Tensor.sum returns in acc_dtype if specified (#5012)

* Tensor.sum returns in acc_dtype if specified * skip PYTHON for now * revert that * relax that
2026-01-09 15:08:02 -05:00 · 2024-06-17 16:35:52 -04:00
parent 013c73c3b3
commit 4296507021
3 changed files with 16 additions and 3 deletions
--- a/test/test_dtype.py
+++ b/test/test_dtype.py
@@ -1,4 +1,4 @@
-import unittest, operator, subprocess
+import unittest, operator, subprocess, math
 import numpy as np
 import torch
 from typing import Any, List
@@ -544,6 +544,17 @@ class TestAutoCastType(unittest.TestCase):
    assert (Tensor([0, 1], dtype=dtypes.float32)).sum().dtype == dtypes.float32
    assert (Tensor([0, 1], dtype=dtypes.float64)).sum().dtype == dtypes.float64

+  @unittest.skipIf(Device.DEFAULT == "PYTHON", "TODO: support inf to half in PYTHON backend")
+  @unittest.skipUnless(is_dtype_supported(dtypes.float16), "need float16")
+  def test_sum_acc_dtype(self):
+    t = Tensor([40000, 40000], dtype=dtypes.float16)
+    # default float16 sum returns in float16, overflowed in this case
+    assert t.sum().dtype == dtypes.float16
+    assert math.isinf(t.sum().numpy().item())
+    # specifiying acc_dtype and it's not downcasted
+    assert t.sum(acc_dtype=dtypes.float32).dtype == dtypes.float32
+    np.testing.assert_allclose(t.sum(acc_dtype=dtypes.float32).numpy(), 80000)
+
  def test_mean(self):
    assert (Tensor([0, 1], dtype=dtypes.bool)).mean().dtype == dtypes.float32
    assert (Tensor([0, 1], dtype=dtypes.int8)).mean().dtype == dtypes.float32
--- a/test/test_nn.py
+++ b/test/test_nn.py
@@ -352,7 +352,7 @@ class TestNN(unittest.TestCase):
      z.sum().backward()
      torch_z.sum().backward(retain_graph=True)
      np.testing.assert_allclose(x.grad.numpy(), torch_x.grad.detach().numpy(), atol=1e-3, rtol=1e-3)
-      np.testing.assert_allclose(layer.weight.grad.numpy(), torch_layer.weight.grad.detach().numpy(), atol=1e-3, rtol=1e-3)
+      np.testing.assert_allclose(layer.weight.grad.numpy(), torch_layer.weight.grad.detach().numpy(), atol=2e-3, rtol=1e-3)
      np.testing.assert_allclose(layer.bias.grad.numpy(), torch_layer.bias.grad.detach().numpy(), atol=1e-3, rtol=1e-3)

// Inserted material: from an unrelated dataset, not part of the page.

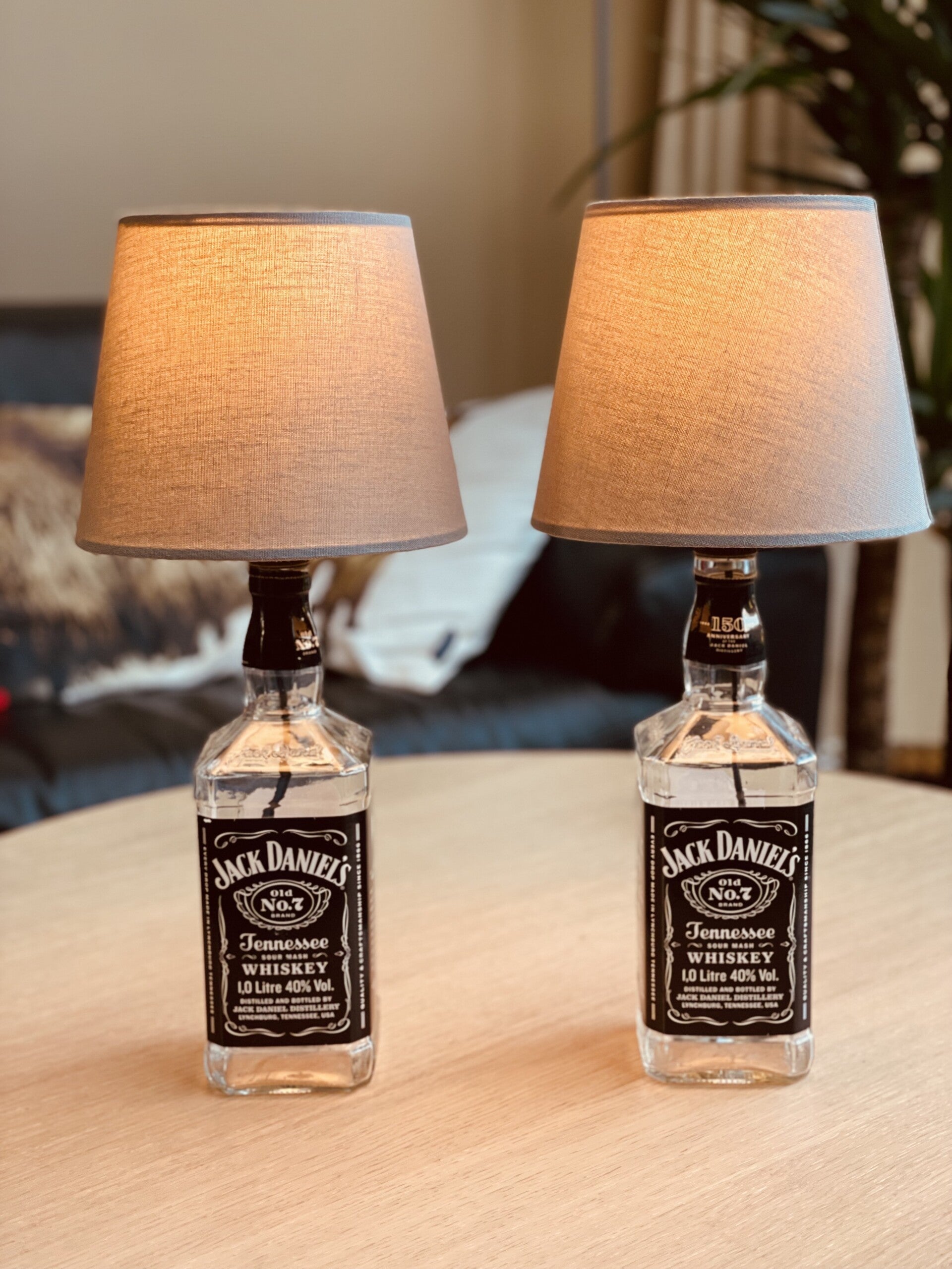 Mooie tafellamp gemaakt van een gerecylceerde 1 literfles Jack Daniel's Whiskey. Mooi warm licht.

  def test_embedding(self):
--- a/tinygrad/tensor.py
+++ b/tinygrad/tensor.py
@@ -1285,7 +1285,8 @@ class Tensor:
    ```
    """
    ret = self.cast(acc_dtype or sum_acc_dtype(self.dtype))._reduce(F.Sum, axis, keepdim)
-    return ret.cast(self.dtype) if self.dtype in {dtypes.float16, dtypes.bfloat16} else ret
+    return ret.cast(self.dtype) if acc_dtype is None and self.dtype in (dtypes.float16, dtypes.bfloat16) else ret
+
  def max(self, axis=None, keepdim=False):
    """
    Returns the maximum value of the tensor along the specified axis or axes.
@@ -1308,6 +1309,7 @@ class Tensor:
    ```
    """
    return self._reduce(F.Max, axis, keepdim)
+
  def min(self, axis=None, keepdim=False):
    """
    Returns the minimum value of the tensor along the specified axis or axes.